• **Your assignment**:
Give a verbatim copy of the lines below, minus the pictures.

Start of Block

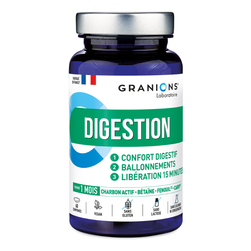 Les comprimés de Granions Digestion sont faciles à prendre et adaptés à une utilisation quotidienne. Ils conviennent aux personnes souffrant de ballonnements, de douleurs ou de crampes abdominales, ainsi qu'à celles qui cherchent à améliorer leur confort digestif. Avec Granions Digestion, retrouvez un confort digestif optimal et profitez pleinement de vos repas en toute sérénité.
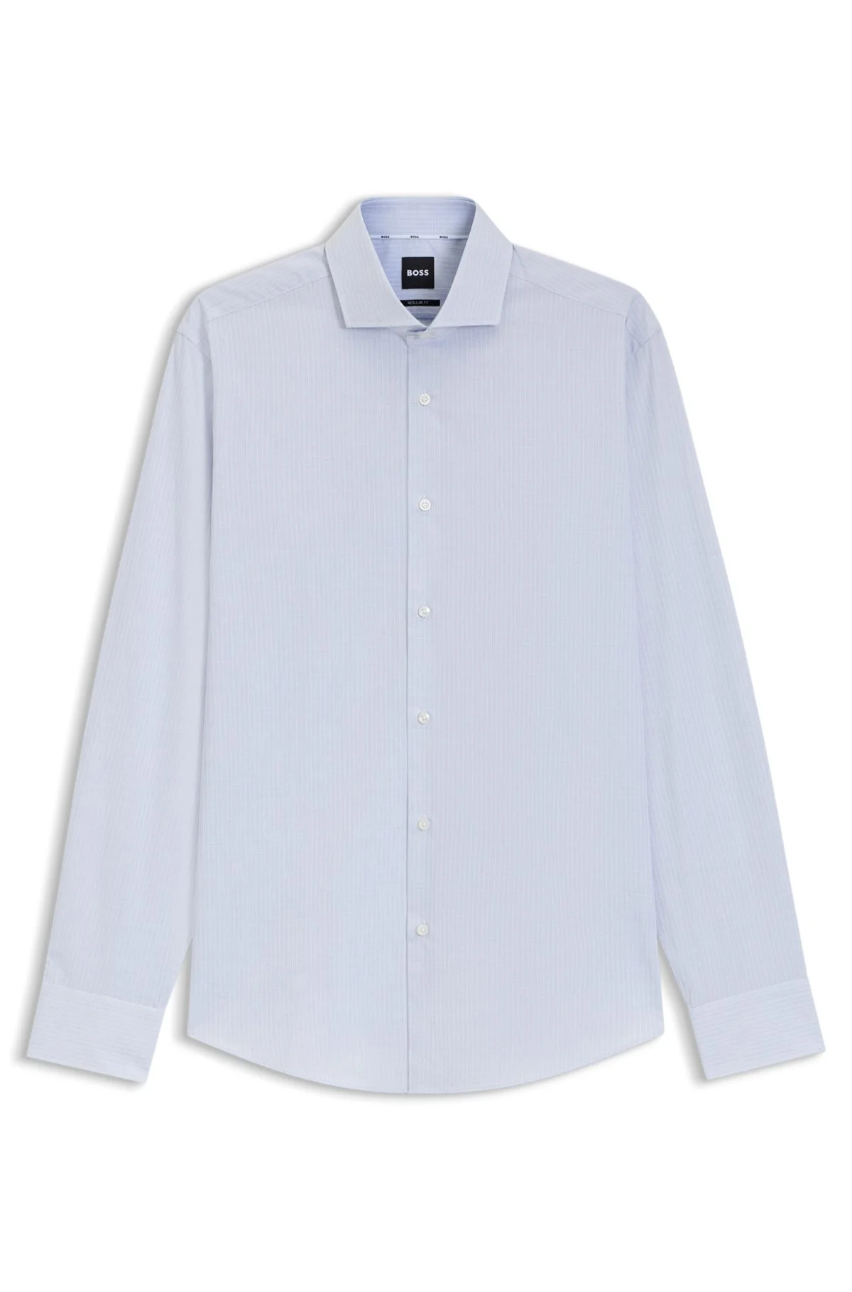 SIZE AND FIT The model wears a size EU:40 and is 6'1" tall with a, 36" chest, 29" waist and 37" hips. DETAILS H-JOE-spread-C1-222 - 50545106 Easy to style for business looks, this BOSS Menswear shirt is made in 100% cotton with a rich structure. Tailored to a regular fit. Regular fit Spread collar Angled cuffs QUALITY & CARE INSTRUCTIONS Iron Medium Heat Quality: 100% Cotton Machine Wash Warm Dry Clean Only Do Not Tumble Dry Do Not Bleach
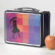 Añade algo de encanto al almuerzo con este divertido y colorido diseño de píxeles con la silueta de una chica y su paraguas. Un gran regalo para esa persona artística única en tu vida y un recordatorio para buscar arcos y bailar bajo la lluvia.
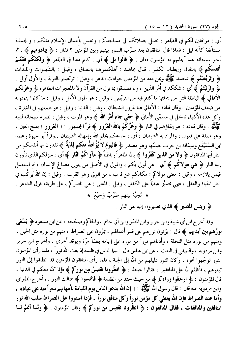 وَارْتَبْتُمْ أَيْ: شَكَكْتُمْ فِي أمر الدّين، ولم تصدقوا بما نَزَلَ مِنَ الْقُرْآنِ وَلَا بِالْمُعْجِزَاتِ الظَّاهِرَةِ وَغَرَّتْكُمُ الْأَمانِيُّ الْبَاطِلَةُ الَّتِي مِنْ جُمْلَتِهَا مَا كُنْتُمْ فِيهِ مِنَ التَّرَبُّصِ، وَقِيلَ: هُوَ طُولُ الْأَمَلِ، وَقِيلَ: مَا كَانُوا يَتَمَنَّوْنَهُ مِنْ ضَعْفِ الْمُؤْمِنِينَ. وَقَالَ قَتَادَةُ: الْأَمَانِيُّ هُنَا غُرُورُ الشَّيْطَانِ، وَقِيلَ: الدُّنْيَا، وَقِيلَ: هُوَ طَمَعُهُمْ فِي الْمَغْفِرَةِ، وَكُلُّ هَذِهِ الْأَشْيَاءِ تَدْخُلُ فِي مُسَمَّى الْأَمَانِيِّ حَتَّى جاءَ أَمْرُ اللَّهِ وَهُوَ الْمَوْتُ، وَقِيلَ: نَصْرُهُ سُبْحَانَهُ لِنَبِيِّهِ صَلَّى اللَّهُ عَلَيْهِ وَسَلَّمَ. وَقَالَ قَتَادَةُ: هُوَ إِلْقَاؤُهُمْ فِي النَّارِ وَغَرَّكُمْ بِاللَّهِ الْغَرُورُ قَرَأَ الْجُمْهُورُ: «الْغَرُورِ» بِفَتْحِ الْغَيْنِ، وَهُوَ صِفَةٌ عَلَى فَعُولٍ، وَالْمُرَادُ بِهِ الشَّيْطَانُ، أَيْ: خَدَعَكُمْ بِحِلْمِ اللَّهِ وَإِمْهَالِهِ الشَّيْطَانُ. وَقَرَأَ أَبُو حيوة ومحمد ابن السّميقع وَسِمَاكُ بْنُ حَرْبٍ بِضَمِّهَا وَهُوَ مَصْدَرٌ فَالْيَوْمَ لَا يُؤْخَذُ مِنْكُمْ فِدْيَةٌ تَفْدُونَ بِهَا أَنْفُسَكُمْ مِنَ النَّارِ أَيُّهَا الْمُنَافِقُونَ وَلا مِنَ الَّذِينَ كَفَرُوا بِاللَّهِ ظَاهِرًا وَبَاطِنًا مَأْواكُمُ النَّارُ أَيْ: مَنْزِلُكُمُ الَّذِي تَأْوُونَ إِلَيْهِ النَّارُ هِيَ مَوْلاكُمْ أَيْ: هِيَ أَوْلَى بِكُمْ، وَالْمَوْلَى فِي الْأَصْلِ من يتولى مصالح الإنسان، ثم استعمل فيمن يُلَازِمُهُ، وَقِيلَ: مَعْنَى مَوْلَاكُمْ: مَكَانُكُمْ عَنْ قُرْبٍ، من الولي وهو القرب. وَقِيلَ: إِنَّ اللَّهَ يُرَكِّبُ فِي النَّارِ الْحَيَاةَ وَالْعَقْلَ، فَهِيَ تَتَمَيَّزُ غَيْظًا عَلَى الْكُفَّارِ، وَقِيلَ: الْمَعْنَى: هِيَ نَاصِرُكُمْ، عَلَى طَرِيقَةِ قَوْلِ الشَّاعِرِ:
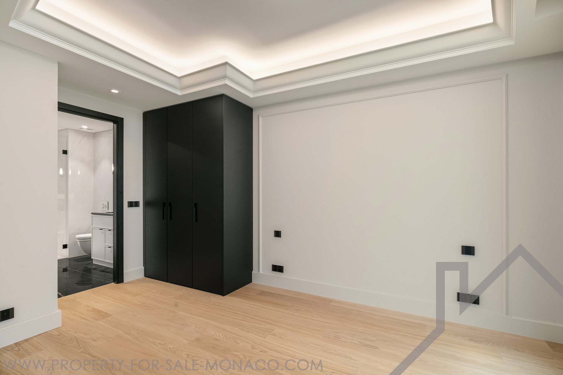 The bedroom has a fitted closet with interior lighting, parquet flooring, a molded headboard and a shower room with double basins.
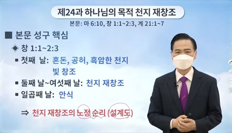 | ▲신천지예수교 도마지파 정읍교회 이용우 담임강사가 중등세미나 24과 '하나님의 목적 천지 재창조'를 주제로 강의를 진행하고 있다. |
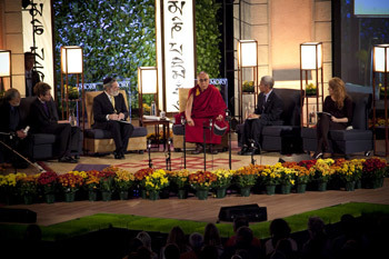 In the afternoon, His Holiness went back to the Woodruff PE Center to participate in a Summit on Happiness with The Most Reverend Dr. Katharine Jefferts Schori, the 26th Presiding Bishop of the Episcopal Church; Chief Rabbi Lord Jonathan Sacks of the United Hebrew Congregations of the Commonwealth (from the United Kingdom); and George Washington University Professor Seyyed Hossein Nasr, a world-renowned scholar on Islam. Journalist and radio host Krista Tippett, producer of the award-winning public radio program "Being" (formerly titled "Speaking of Faith"), served as the moderator.
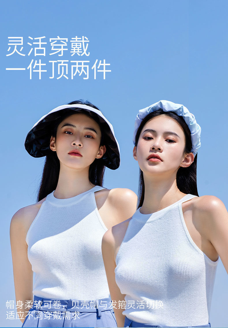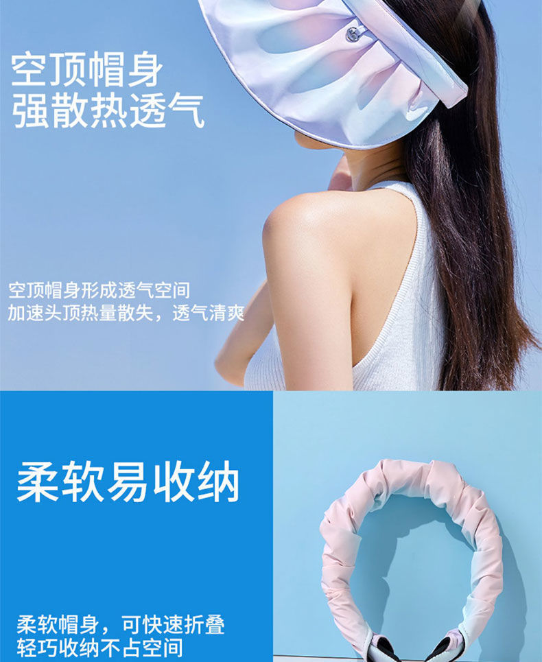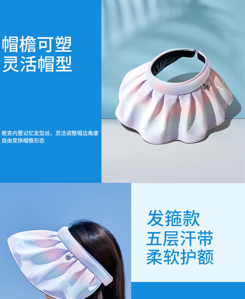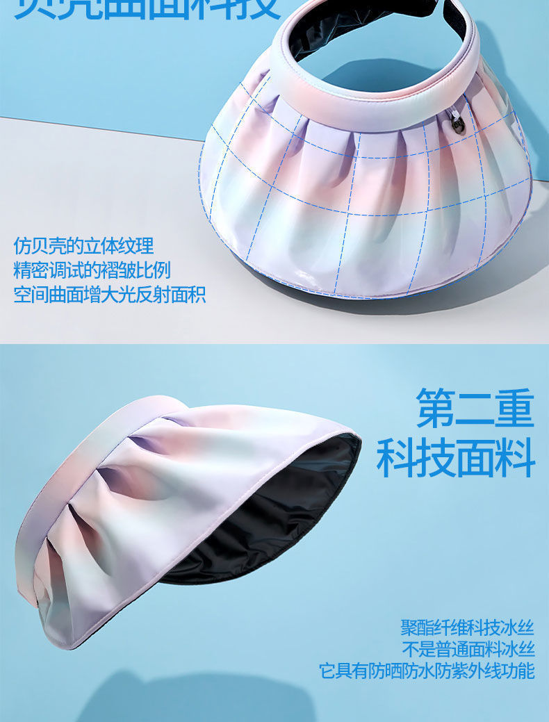 彩虹空顶贝壳帽子女夏季遮阳帽渐变色大檐太阳帽sjmh46
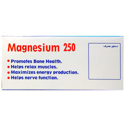 - هر قرص حاوی 250 میلی گرم منیزیم (به صورات اکساید)
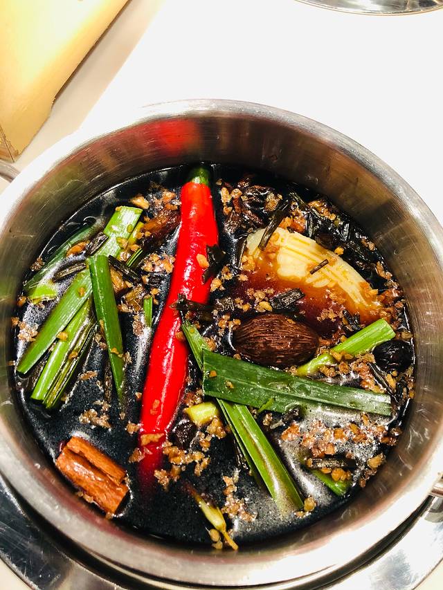 第一次尝试卤水火锅,感觉卤水味道比较淡,一人一锅比较干净~ 赠送的解腻青芒汁酸酸甜甜的很好喝。
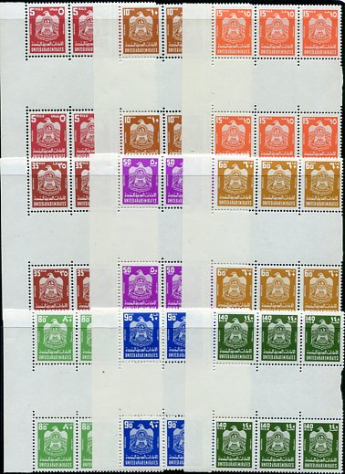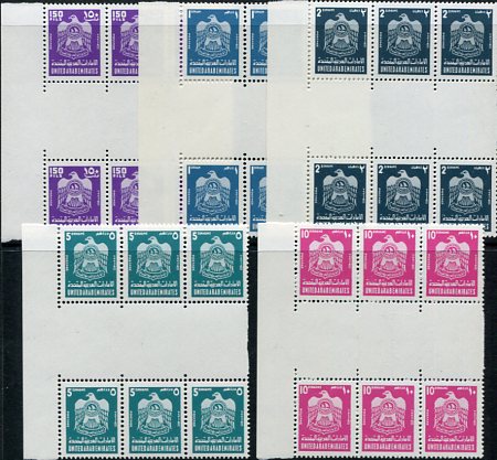 United Arab Emirates: 1976 (15 August). UAE Crest definitives unmounted mint gutter block of 6 set. Mi. 57/70, Sg. 57/70
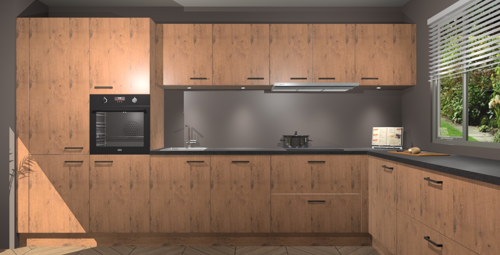 Uw droom van een sprookje binnenshuis is nu binnen handbereik met 5 inbouwapparaten in dit complete pakket: een oven, inductiekookplaat, afzuigkap, vaatwasser en koelkast! Haal deze geraffineerde en warme sfeer nu sneller in huis dan normaal - wij garanderen een snelle levering binnen 7 weken.
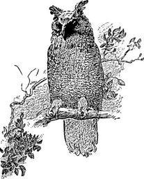 Keywords: owl bird perched branch nocturnal horned wildlife predator

End of Block

• **Final answer**:
 Les comprimés de Granions Digestion sont faciles à prendre et adaptés à une utilisation quotidienne. Ils conviennent aux personnes souffrant de ballonnements, de douleurs ou de crampes abdominales, ainsi qu'à celles qui cherchent à améliorer leur confort digestif. Avec Granions Digestion, retrouvez un confort digestif optimal et profitez pleinement de vos repas en toute sérénité.
 SIZE AND FIT The model wears a size EU:40 and is 6'1" tall with a, 36" chest, 29" waist and 37" hips. DETAILS H-JOE-spread-C1-222 - 50545106 Easy to style for business looks, this BOSS Menswear shirt is made in 100% cotton with a rich structure. Tailored to a regular fit. Regular fit Spread collar Angled cuffs QUALITY & CARE INSTRUCTIONS Iron Medium Heat Quality: 100% Cotton Machine Wash Warm Dry Clean Only Do Not Tumble Dry Do Not Bleach
 Añade algo de encanto al almuerzo con este divertido y colorido diseño de píxeles con la silueta de una chica y su paraguas. Un gran regalo para esa persona artística única en tu vida y un recordatorio para buscar arcos y bailar bajo la lluvia.
 وَارْتَبْتُمْ أَيْ: شَكَكْتُمْ فِي أمر الدّين، ولم تصدقوا بما نَزَلَ مِنَ الْقُرْآنِ وَلَا بِالْمُعْجِزَاتِ الظَّاهِرَةِ وَغَرَّتْكُمُ الْأَمانِيُّ الْبَاطِلَةُ الَّتِي مِنْ جُمْلَتِهَا مَا كُنْتُمْ فِيهِ مِنَ التَّرَبُّصِ، وَقِيلَ: هُوَ طُولُ الْأَمَلِ، وَقِيلَ: مَا كَانُوا يَتَمَنَّوْنَهُ مِنْ ضَعْفِ الْمُؤْمِنِينَ. وَقَالَ قَتَادَةُ: الْأَمَانِيُّ هُنَا غُرُورُ الشَّيْطَانِ، وَقِيلَ: الدُّنْيَا، وَقِيلَ: هُوَ طَمَعُهُمْ فِي الْمَغْفِرَةِ، وَكُلُّ هَذِهِ الْأَشْيَاءِ تَدْخُلُ فِي مُسَمَّى الْأَمَانِيِّ حَتَّى جاءَ أَمْرُ اللَّهِ وَهُوَ الْمَوْتُ، وَقِيلَ: نَصْرُهُ سُبْحَانَهُ لِنَبِيِّهِ صَلَّى اللَّهُ عَلَيْهِ وَسَلَّمَ. وَقَالَ قَتَادَةُ: هُوَ إِلْقَاؤُهُمْ فِي النَّارِ وَغَرَّكُمْ بِاللَّهِ الْغَرُورُ قَرَأَ الْجُمْهُورُ: «الْغَرُورِ» بِفَتْحِ الْغَيْنِ، وَهُوَ صِفَةٌ عَلَى فَعُولٍ، وَالْمُرَادُ بِهِ الشَّيْطَانُ، أَيْ: خَدَعَكُمْ بِحِلْمِ اللَّهِ وَإِمْهَالِهِ الشَّيْطَانُ. وَقَرَأَ أَبُو حيوة ومحمد ابن السّميقع وَسِمَاكُ بْنُ حَرْبٍ بِضَمِّهَا وَهُوَ مَصْدَرٌ فَالْيَوْمَ لَا يُؤْخَذُ مِنْكُمْ فِدْيَةٌ تَفْدُونَ بِهَا أَنْفُسَكُمْ مِنَ النَّارِ أَيُّهَا الْمُنَافِقُونَ وَلا مِنَ الَّذِينَ كَفَرُوا بِاللَّهِ ظَاهِرًا وَبَاطِنًا مَأْواكُمُ النَّارُ أَيْ: مَنْزِلُكُمُ الَّذِي تَأْوُونَ إِلَيْهِ النَّارُ هِيَ مَوْلاكُمْ أَيْ: هِيَ أَوْلَى بِكُمْ، وَالْمَوْلَى فِي الْأَصْلِ من يتولى مصالح الإنسان، ثم استعمل فيمن يُلَازِمُهُ، وَقِيلَ: مَعْنَى مَوْلَاكُمْ: مَكَانُكُمْ عَنْ قُرْبٍ، من الولي وهو القرب. وَقِيلَ: إِنَّ اللَّهَ يُرَكِّبُ فِي النَّارِ الْحَيَاةَ وَالْعَقْلَ، فَهِيَ تَتَمَيَّزُ غَيْظًا عَلَى الْكُفَّارِ، وَقِيلَ: الْمَعْنَى: هِيَ نَاصِرُكُمْ، عَلَى طَرِيقَةِ قَوْلِ الشَّاعِرِ:
 The bedroom has a fitted closet with interior lighting, parquet flooring, a molded headboard and a shower room with double basins.
 | ▲신천지예수교 도마지파 정읍교회 이용우 담임강사가 중등세미나 24과 '하나님의 목적 천지 재창조'를 주제로 강의를 진행하고 있다. |
 In the afternoon, His Holiness went back to the Woodruff PE Center to participate in a Summit on Happiness with The Most Reverend Dr. Katharine Jefferts Schori, the 26th Presiding Bishop of the Episcopal Church; Chief Rabbi Lord Jonathan Sacks of the United Hebrew Congregations of the Commonwealth (from the United Kingdom); and George Washington University Professor Seyyed Hossein Nasr, a world-renowned scholar on Islam. Journalist and radio host Krista Tippett, producer of the award-winning public radio program "Being" (formerly titled "Speaking of Faith"), served as the moderator.
 彩虹空顶贝壳帽子女夏季遮阳帽渐变色大檐太阳帽sjmh46
 - هر قرص حاوی 250 میلی گرم منیزیم (به صورات اکساید)
 第一次尝试卤水火锅,感觉卤水味道比较淡,一人一锅比较干净~ 赠送的解腻青芒汁酸酸甜甜的很好喝。
 United Arab Emirates: 1976 (15 August). UAE Crest definitives unmounted mint gutter block of 6 set. Mi. 57/70, Sg. 57/70
 Uw droom van een sprookje binnenshuis is nu binnen handbereik met 5 inbouwapparaten in dit complete pakket: een oven, inductiekookplaat, afzuigkap, vaatwasser en koelkast! Haal deze geraffineerde en warme sfeer nu sneller in huis dan normaal - wij garanderen een snelle levering binnen 7 weken.
 Keywords: owl bird perched branch nocturnal horned wildlife predator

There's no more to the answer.